While Distributable Earnings (Loss) excludes the impact of the unrealized non-cash current provision for credit losses, we expect to only recognize such potential credit losses in Distributable Earnings (Loss) if and when such amounts are deemed non-recoverable. This is generally at the time a loan is repaid, or in the case of foreclosure, when the underlying asset is sold, but non-recoverability may also be concluded if, in our determination, it is nearly certain that all amounts due will not be collected. The realized loss amount reflected in Distributable Earnings (Loss) will equal the difference between the cash received, or expected to be received, and the carrying value of the asset, and is reflective of our economic experience as it relates to the ultimate realization of the loan. During the quarter and year ended December 31, 2025, we recorded a provision for credit losses of $(14.4) million and $(27.5) million, respectively, which has been excluded from Distributable Earnings (Loss), consistent with other unrealized gains (losses) and other non-cash items pursuant to our existing policy for reporting Distributable Earnings (Loss) referenced above. During the quarter and years ended December 31, 2025, we recorded $(2.1) million and $(7.8) million, respectively, in depreciation and amortization on REO and related intangibles, which has been excluded from Distributable Earnings (Loss) consistent with other unrealized gains (losses) and other non-cash items pursuant to our existing policy for reporting Distributable Earnings (Loss) referenced above. During the quarter and year ended December 31, 2025, we recorded an impairment loss on real estate owned of $(6.8) million, which has been excluded from Distributable Earnings (Loss) consistent with other unrealized gains (losses) and other non-cash items pursuant to our existing policy for reporting Distributable Earnings (Loss) referenced above.

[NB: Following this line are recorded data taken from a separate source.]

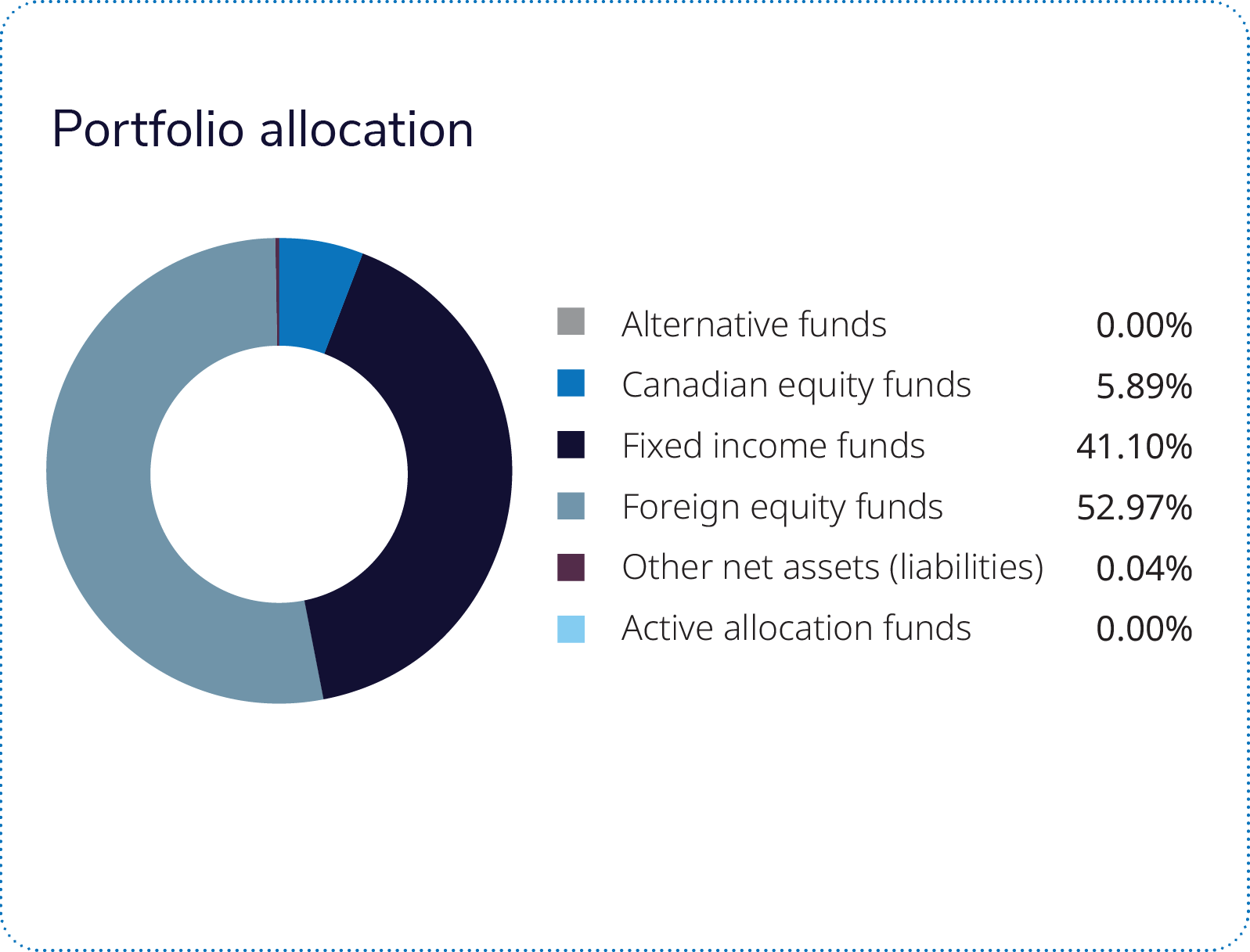 The Rockefeller - IG Climate Solutions Pool, the Mackenzie Canadian Sustainable Bond Fund and the iShares ESG Advanced MSCI USA ETF were the main detractors to performance for the quarter. The Rockefeller - IG Climate Solutions Pool underperformed its benchmark. Security selection in the information technology and industrials sectors were the detractors, while utilities and consumer staples contributed. The Mackenzie Canadian Sustainable Bond Fund underperformed its benchmark. Duration management of federal government bonds and security selection of corporate bonds were detractors, while duration management of provincial government bonds was a contributor.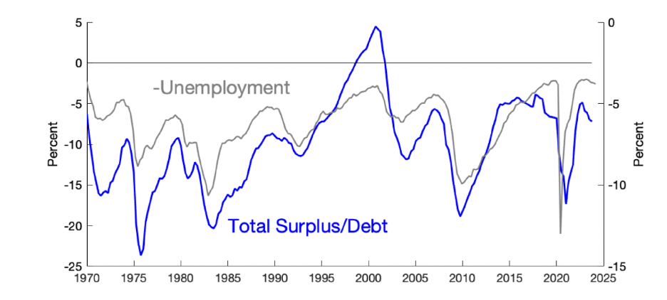 Figure 10. Total surplus divided by federal debt held by the public, and the negative of the unemployment rate.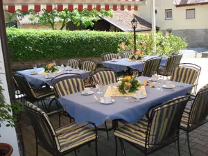 Auch ums leibliche Wohl braucht er sich nicht zu sorgen: Der erwähnte "Katzensprung" reicht, um das Frühstück am gedeckten Tisch im Stammhaus "Zum Falken" serviert zu bekommen.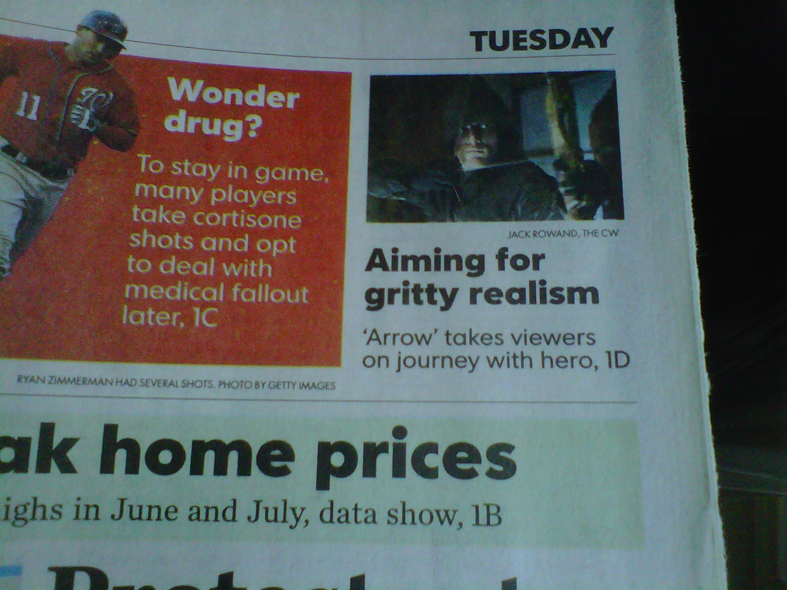This morning we woke up to an e-mail from reader Ryan Poehler with something quite cool from today’s (October 9) USA Today — A HUGE Arrow feature, complete with what looks like a new photo… if it’s not new, I just don’t recognize it. It looks like Arrow takes up most of the paper’s Life section.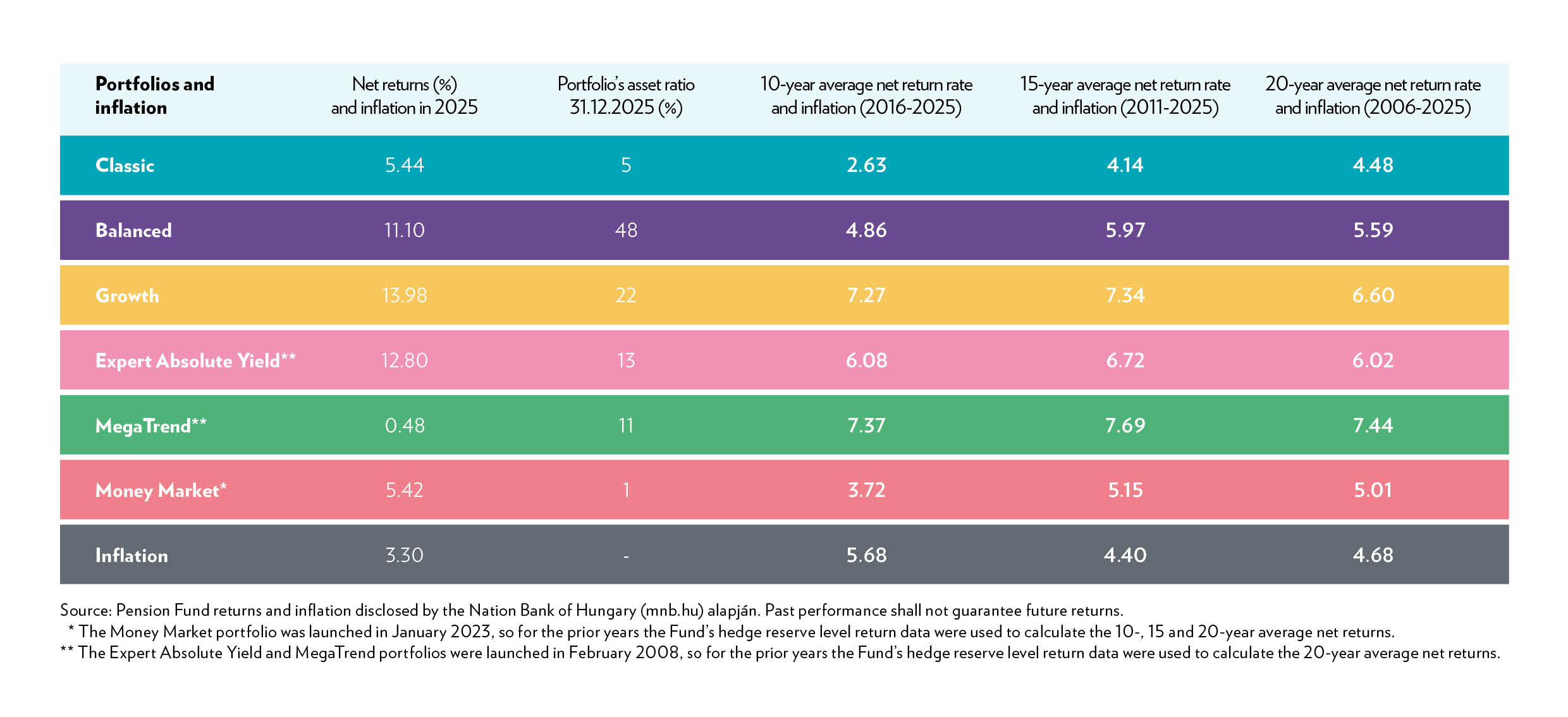 - if no contributions arrive to the account your money is still invested, i.e. it can generate yields and our pension fund is entitled to deduct maximum HUF 4,000 per annum from the positive yields generated.

Distributable Earnings (Loss) does not represent Net (loss) income attributable to common stockholders or cash flow from operating activities and should not be considered as an alternative to GAAP Net (loss) income attributable to common stockholders, or an indication of our GAAP cash flows from operations, a measure of our liquidity, or an indication of funds available for our cash needs. In addition, our methodology for calculating Distributable Earnings (Loss) may differ from the methodologies employed by other companies to calculate the same or similar supplemental performance measures, and, accordingly, our reported Distributable Earnings (Loss) may not be comparable to the Distributable Earnings (loss) reported by other companies.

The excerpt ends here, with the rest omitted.